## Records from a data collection
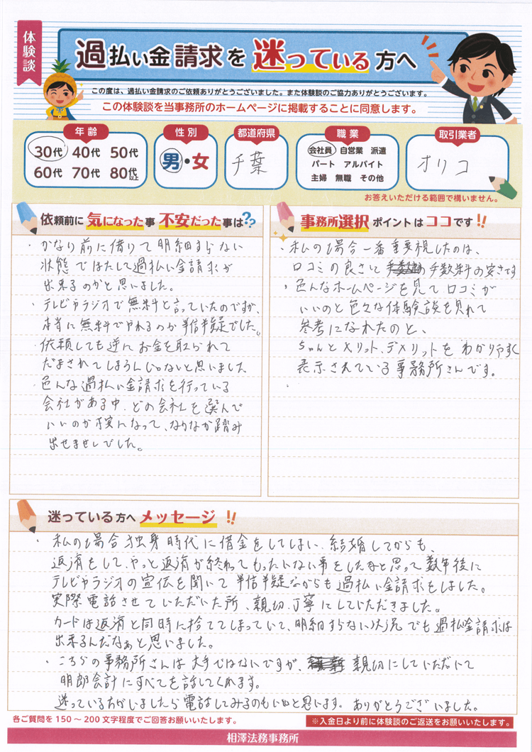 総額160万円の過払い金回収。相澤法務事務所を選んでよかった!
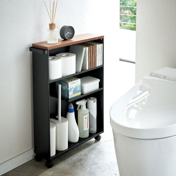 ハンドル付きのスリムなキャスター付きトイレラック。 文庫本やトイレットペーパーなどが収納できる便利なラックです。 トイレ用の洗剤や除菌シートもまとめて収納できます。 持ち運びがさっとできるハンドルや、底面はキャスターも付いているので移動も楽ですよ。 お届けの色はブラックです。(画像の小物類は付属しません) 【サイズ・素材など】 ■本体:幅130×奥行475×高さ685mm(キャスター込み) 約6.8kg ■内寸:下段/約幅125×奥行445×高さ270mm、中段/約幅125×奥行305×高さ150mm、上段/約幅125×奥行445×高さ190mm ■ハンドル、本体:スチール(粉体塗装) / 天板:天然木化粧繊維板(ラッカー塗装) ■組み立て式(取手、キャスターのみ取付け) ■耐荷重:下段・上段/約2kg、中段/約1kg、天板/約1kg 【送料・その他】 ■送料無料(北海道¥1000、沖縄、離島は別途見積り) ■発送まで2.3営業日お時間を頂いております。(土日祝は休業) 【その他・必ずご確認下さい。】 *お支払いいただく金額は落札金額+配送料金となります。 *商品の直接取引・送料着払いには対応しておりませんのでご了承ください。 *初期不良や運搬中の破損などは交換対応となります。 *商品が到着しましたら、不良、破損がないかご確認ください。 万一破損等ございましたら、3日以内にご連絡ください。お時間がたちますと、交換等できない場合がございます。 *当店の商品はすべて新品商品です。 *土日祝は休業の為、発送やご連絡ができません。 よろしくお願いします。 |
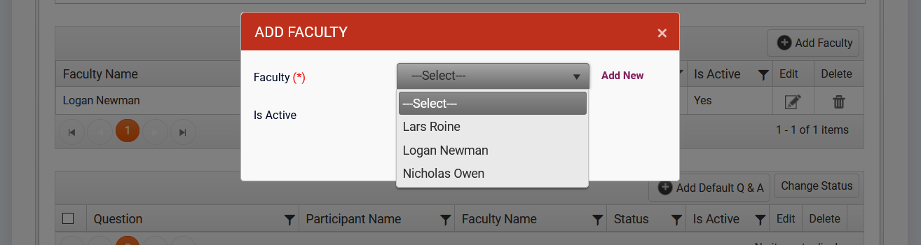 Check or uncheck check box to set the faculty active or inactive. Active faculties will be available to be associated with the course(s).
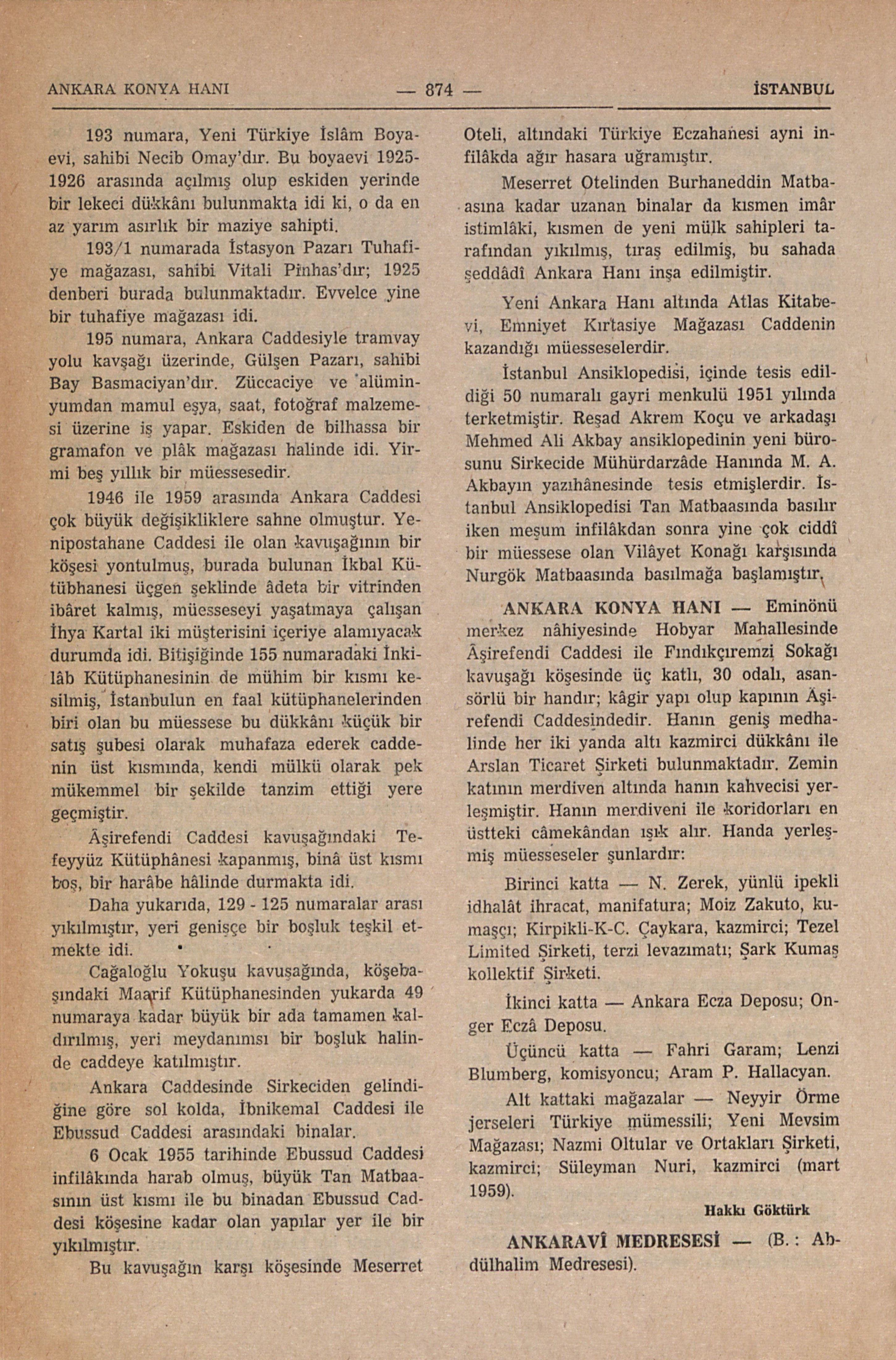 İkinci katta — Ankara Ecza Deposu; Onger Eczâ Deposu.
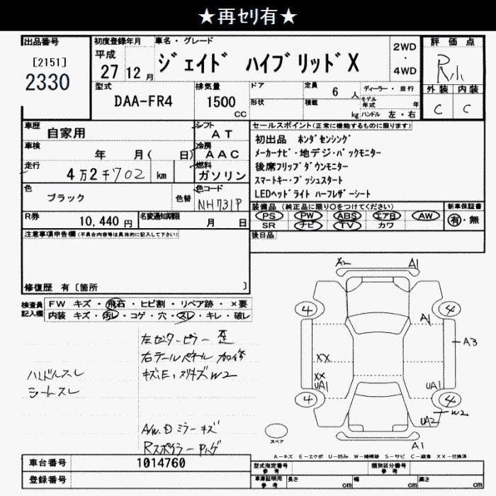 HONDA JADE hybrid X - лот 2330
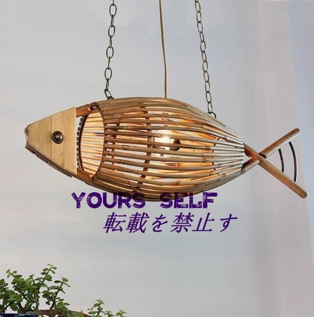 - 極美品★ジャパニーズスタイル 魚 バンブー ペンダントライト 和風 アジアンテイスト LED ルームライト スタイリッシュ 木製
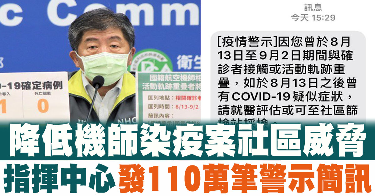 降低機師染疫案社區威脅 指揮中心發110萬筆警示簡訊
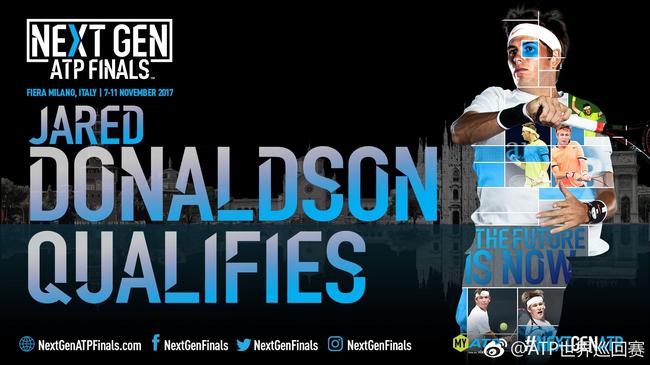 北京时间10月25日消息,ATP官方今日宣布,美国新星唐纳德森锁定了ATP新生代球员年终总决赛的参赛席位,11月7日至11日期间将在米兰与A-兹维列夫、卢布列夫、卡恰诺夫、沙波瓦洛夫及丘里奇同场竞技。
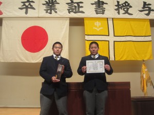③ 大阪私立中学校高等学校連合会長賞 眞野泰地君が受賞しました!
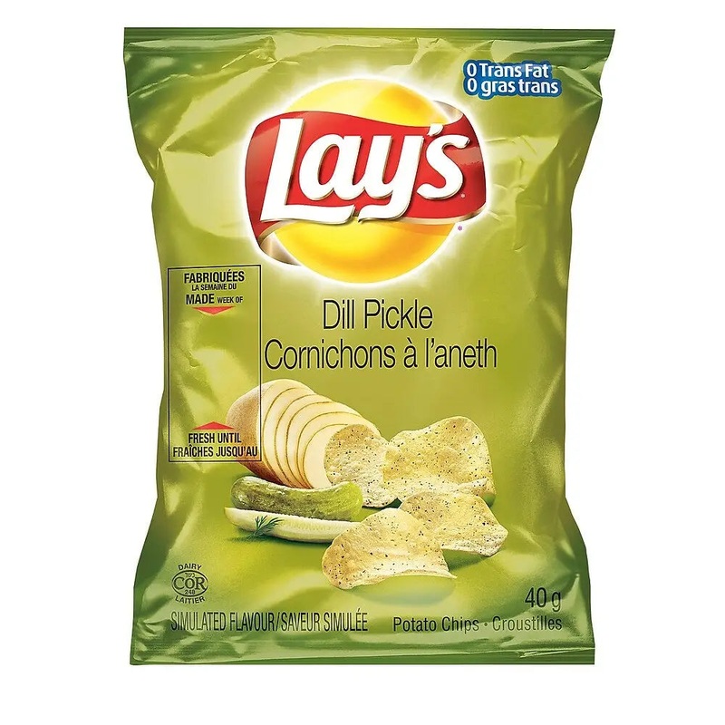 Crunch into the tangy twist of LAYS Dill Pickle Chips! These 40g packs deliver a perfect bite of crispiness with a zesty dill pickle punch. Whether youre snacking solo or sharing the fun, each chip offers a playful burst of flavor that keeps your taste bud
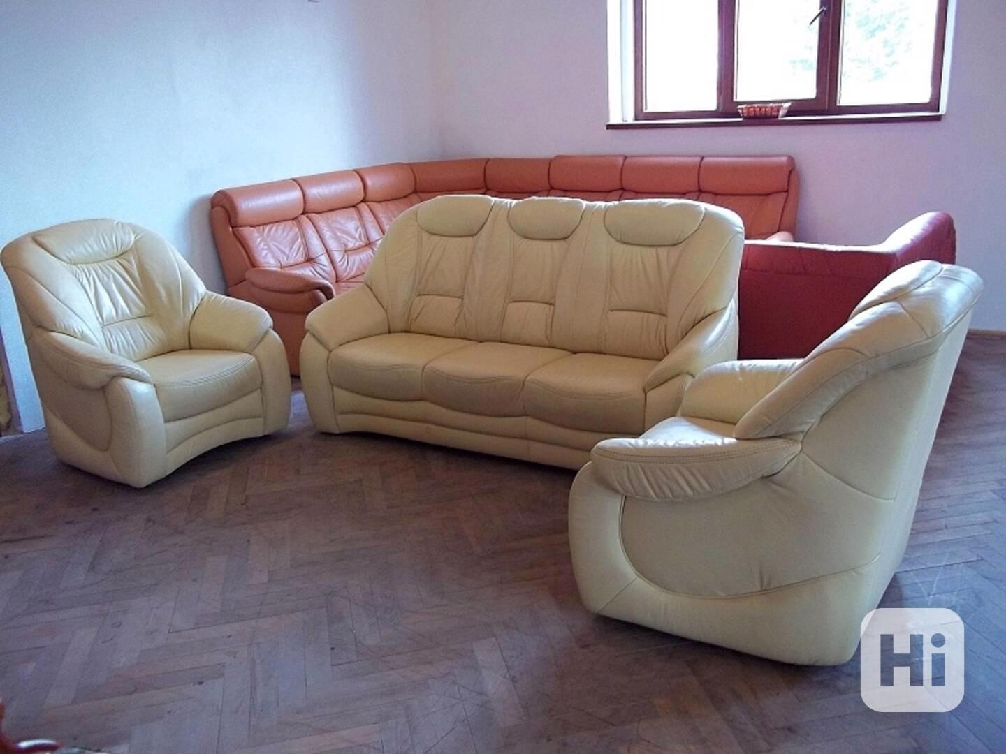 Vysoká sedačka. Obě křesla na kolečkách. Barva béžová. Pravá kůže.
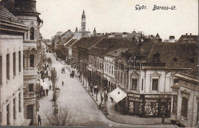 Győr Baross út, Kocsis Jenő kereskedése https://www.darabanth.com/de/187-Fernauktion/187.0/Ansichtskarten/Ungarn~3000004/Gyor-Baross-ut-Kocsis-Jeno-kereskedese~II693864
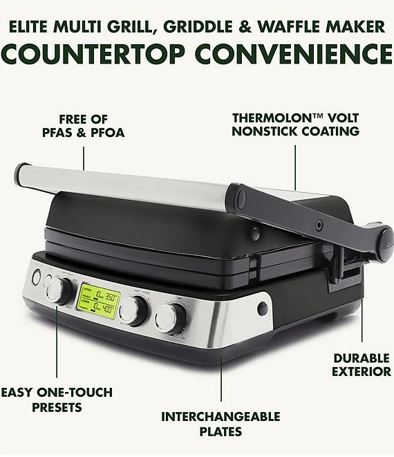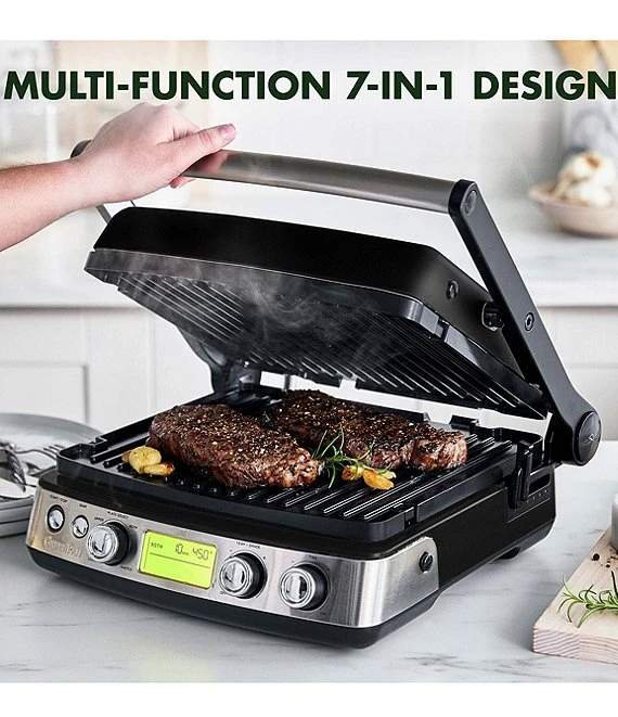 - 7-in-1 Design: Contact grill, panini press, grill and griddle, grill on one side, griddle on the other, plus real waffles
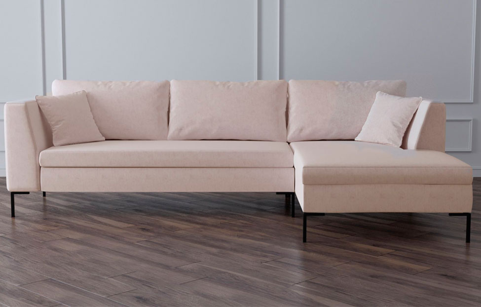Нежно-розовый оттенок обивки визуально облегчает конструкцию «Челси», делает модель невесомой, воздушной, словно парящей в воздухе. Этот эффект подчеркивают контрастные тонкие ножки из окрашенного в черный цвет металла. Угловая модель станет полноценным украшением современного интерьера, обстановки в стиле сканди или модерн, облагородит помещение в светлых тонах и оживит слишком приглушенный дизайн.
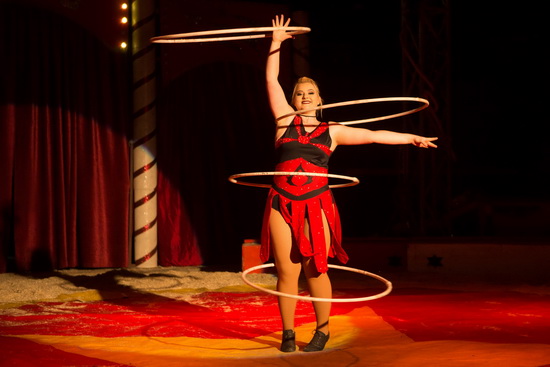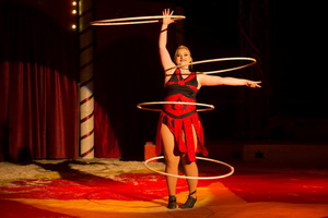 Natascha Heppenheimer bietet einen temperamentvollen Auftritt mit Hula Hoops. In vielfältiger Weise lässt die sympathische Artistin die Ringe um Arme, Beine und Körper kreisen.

## PROBLEM
Your copy should run from the line that has "Нежно-розовый оттенок обивки" through the last line above, exactly, with both ends in and pictures out.

## EXERCISE ANSWER
Нежно-розовый оттенок обивки визуально облегчает конструкцию «Челси», делает модель невесомой, воздушной, словно парящей в воздухе. Этот эффект подчеркивают контрастные тонкие ножки из окрашенного в черный цвет металла. Угловая модель станет полноценным украшением современного интерьера, обстановки в стиле сканди или модерн, облагородит помещение в светлых тонах и оживит слишком приглушенный дизайн.
 Natascha Heppenheimer bietet einen temperamentvollen Auftritt mit Hula Hoops. In vielfältiger Weise lässt die sympathische Artistin die Ringe um Arme, Beine und Körper kreisen.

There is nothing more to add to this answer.